**YOUR GOAL:** All of the data must be written out verbatim, with pictures excluded.

**DATASET CONTENT:**
'''
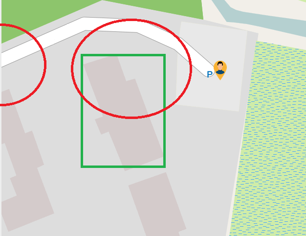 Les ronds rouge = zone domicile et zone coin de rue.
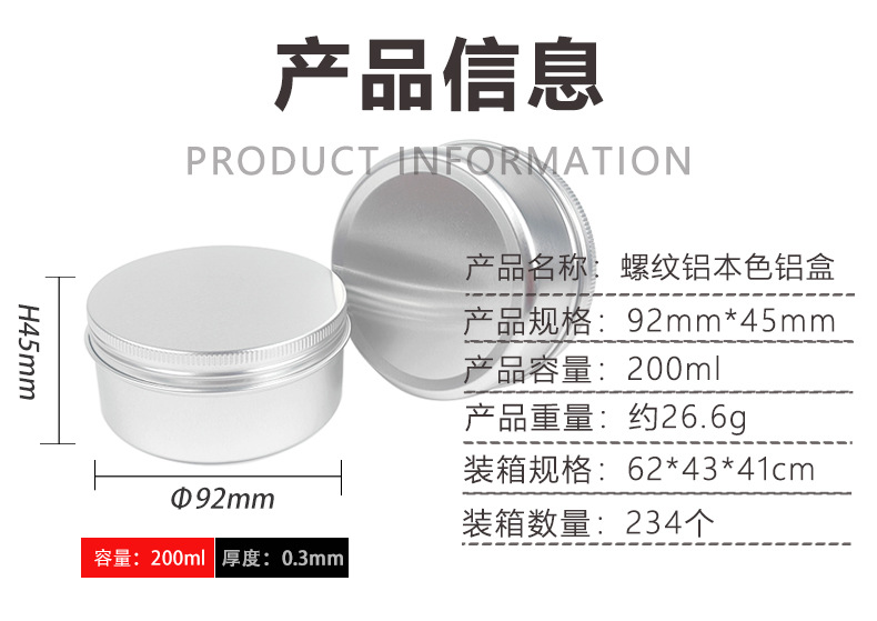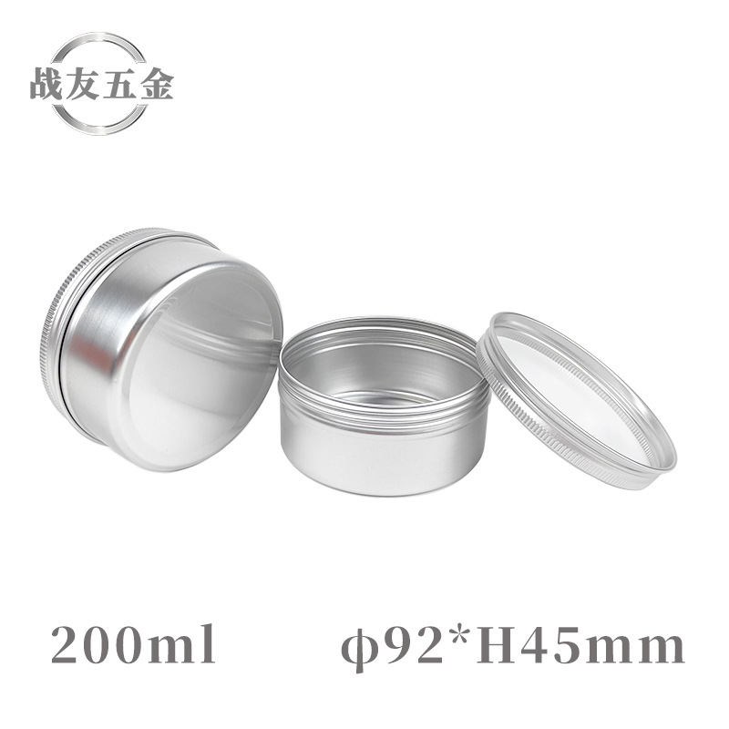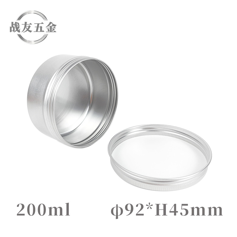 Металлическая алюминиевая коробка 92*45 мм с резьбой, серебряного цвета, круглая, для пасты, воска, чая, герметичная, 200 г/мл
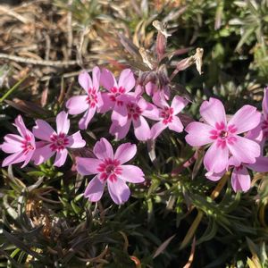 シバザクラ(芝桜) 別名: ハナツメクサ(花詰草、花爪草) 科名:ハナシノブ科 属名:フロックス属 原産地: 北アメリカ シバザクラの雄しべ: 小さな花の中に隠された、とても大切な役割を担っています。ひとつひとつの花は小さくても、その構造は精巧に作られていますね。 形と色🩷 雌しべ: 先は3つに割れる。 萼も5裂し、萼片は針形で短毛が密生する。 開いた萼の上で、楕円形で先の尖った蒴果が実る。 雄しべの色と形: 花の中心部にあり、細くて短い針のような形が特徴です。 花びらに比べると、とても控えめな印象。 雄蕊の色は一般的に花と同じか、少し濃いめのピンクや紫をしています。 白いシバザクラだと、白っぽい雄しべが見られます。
'''
**ANSWER TO THE EXERCISE:**
 Les ronds rouge = zone domicile et zone coin de rue.
 Металлическая алюминиевая коробка 92*45 мм с резьбой, серебряного цвета, круглая, для пасты, воска, чая, герметичная, 200 г/мл
 シバザクラ(芝桜) 別名: ハナツメクサ(花詰草、花爪草) 科名:ハナシノブ科 属名:フロックス属 原産地: 北アメリカ シバザクラの雄しべ: 小さな花の中に隠された、とても大切な役割を担っています。ひとつひとつの花は小さくても、その構造は精巧に作られていますね。 形と色🩷 雌しべ: 先は3つに割れる。 萼も5裂し、萼片は針形で短毛が密生する。 開いた萼の上で、楕円形で先の尖った蒴果が実る。 雄しべの色と形: 花の中心部にあり、細くて短い針のような形が特徴です。 花びらに比べると、とても控えめな印象。 雄蕊の色は一般的に花と同じか、少し濃いめのピンクや紫をしています。 白いシバザクラだと、白っぽい雄しべが見られます。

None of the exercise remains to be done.